FIG. 7 is a sectional view showing the structure of an embodiment of a conventional electrophotographic copier which is a conventional image forming apparatus. In the drawing, numeral 10 is a photoreceptor drum which is a drum-shaped image carrier, numeral 20 is a charger which charges the circumferential surface of the photoreceptor drum 10, numeral 30 is an exposure unit, numeral 13 is an image-exposure section, numeral 40 is a developing unit, numeral 50 is a transfer sheet supply unit, numeral 53 is a paper feed roller, P is a recording paper which is a transfer sheet, numeral 16 is a transfer unit which is a charger for transfer, numeral 17 is a separator which is a discharger for separation, by which paper is separated from the photoreceptor drum, numeral 80 is a fixing unit, numeral 90 is a cleaning unit, and numeral 56 is a conveyance belt which is a conveyance means for recording paper P.
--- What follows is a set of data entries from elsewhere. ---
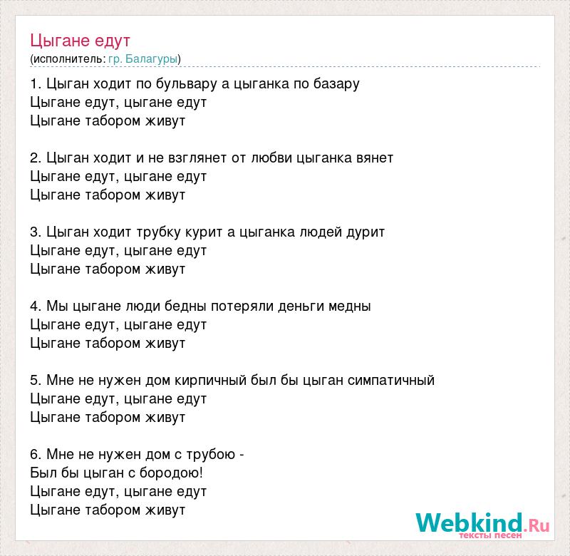 1. Цыган ходит по бульвару а цыганка по базару Цыгане едут, цыгане едут Цыгане табором живут 2. Цыган ходит и не взглянет от любви цыганка вянет Цыгане едут, цыгане едут Цыгане табором живут 3. Цыган ходит трубку курит а цыганка людей дурит Цыгане едут, цыгане едут Цыгане табором живут 4. Мы цыгане люди бедны потеряли деньги медны Цыгане едут, цыгане едут Цыгане табором живут 5. Мне не нужен дом кирпичный был бы цыган симпатичный Цыгане едут, цыгане едут Цыгане табором живут 6. Мне не нужен дом с трубою - Был бы цыган с бородою! Цыгане едут, цыгане едут Цыгане табором живут
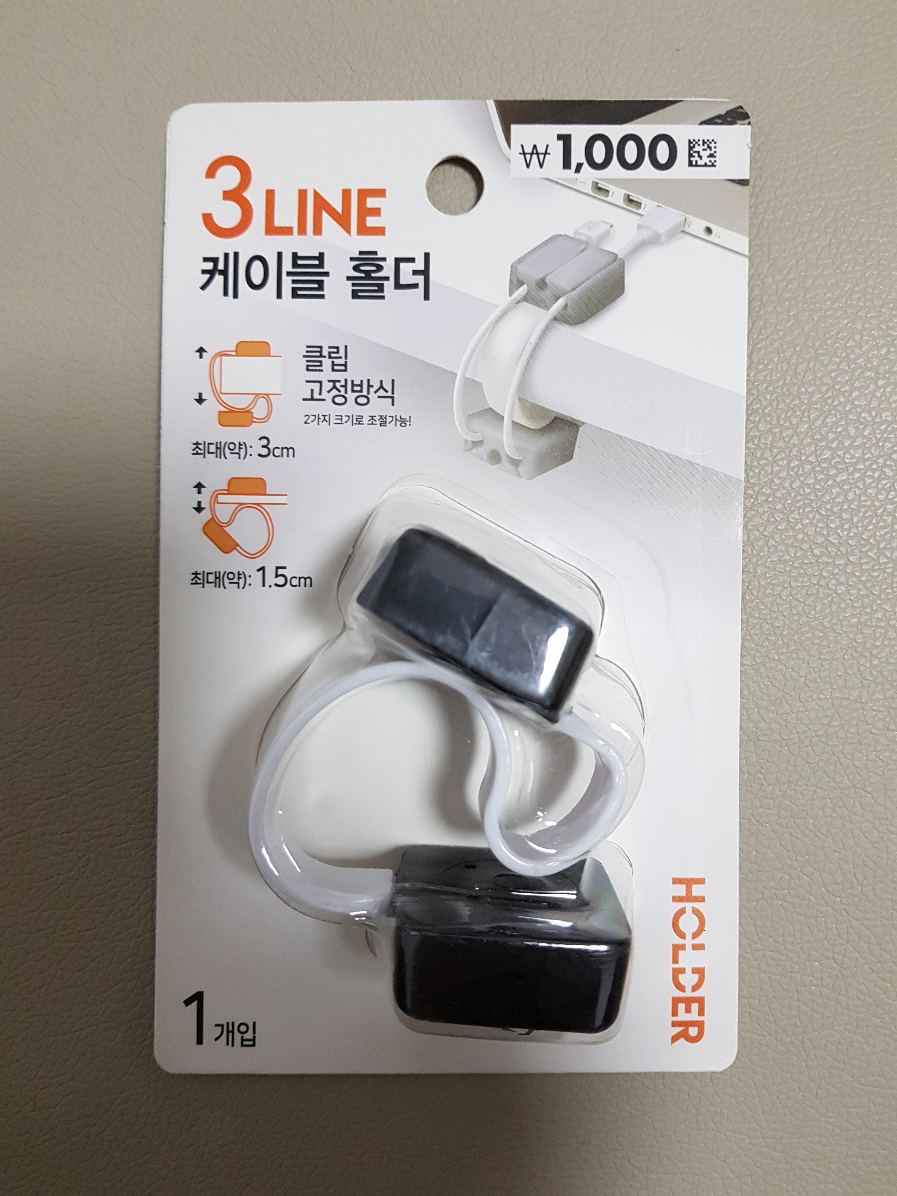 클립 고정 형태의 케이블 전선 정리 홀더입니다. 총 3개의 홀더가 있어 책상 위 선 정리가 쉬워집니다."
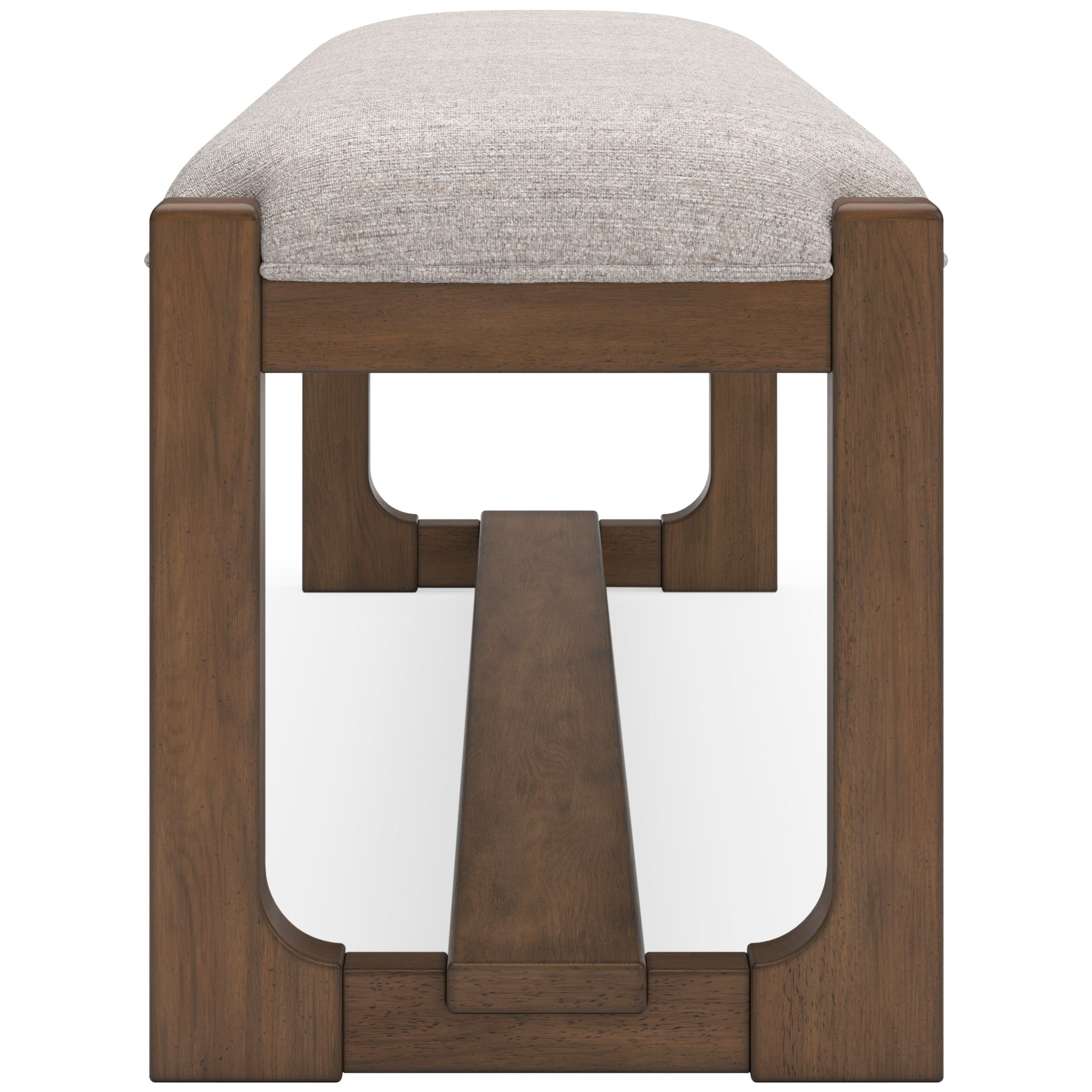 This dining bench sits comfortably at the intersection of modern lodge and farmhouse aesthetics. Your warm and welcoming disposition is reflected in its charming architectural elements and neutral textural fabric. Even with its poise, the bench remains practical. Its cushioned seat invites you to linger longer at the table, defining your dining room with reliable function and style.

Referring to the drawing, the operation of the aforementioned copier will be explained as follows. After the circumferential surface of the photoreceptor drum 10 has been uniformly charged by the charger 20, image exposure is conducted on the circumferential surface of the photoreceptor drum 10 by the exposure unit 30 at the image exposure section 13 so that an electrostatic latent image is formed. After that, the aforementioned latent image is developed by the developing unit 40 to be a visual toner image. This toner image is transferred onto recording paper P which is conveyed by a paper feed roller 53 of the transfer sheet supply unit 50 in synchronization with the aforementioned image formation. This transfer is conducted in such a manner that the recording paper P is charged from its back side by the transfer unit 16 to a polarity reverse to that of toner. After transfer has been completed, an AC high voltage is impressed by the separator 17 upon recording paper P so that it may be neutralized, thus the recording paper P can be separated from the photoreceptor drum 10. Separated recording paper P is conveyed by the conveyance belt 56 to the fixing unit 80, where the toner image formed on the recording paper is fixed, and then the recording paper is ejected onto a delivery tray provided outside the apparatus.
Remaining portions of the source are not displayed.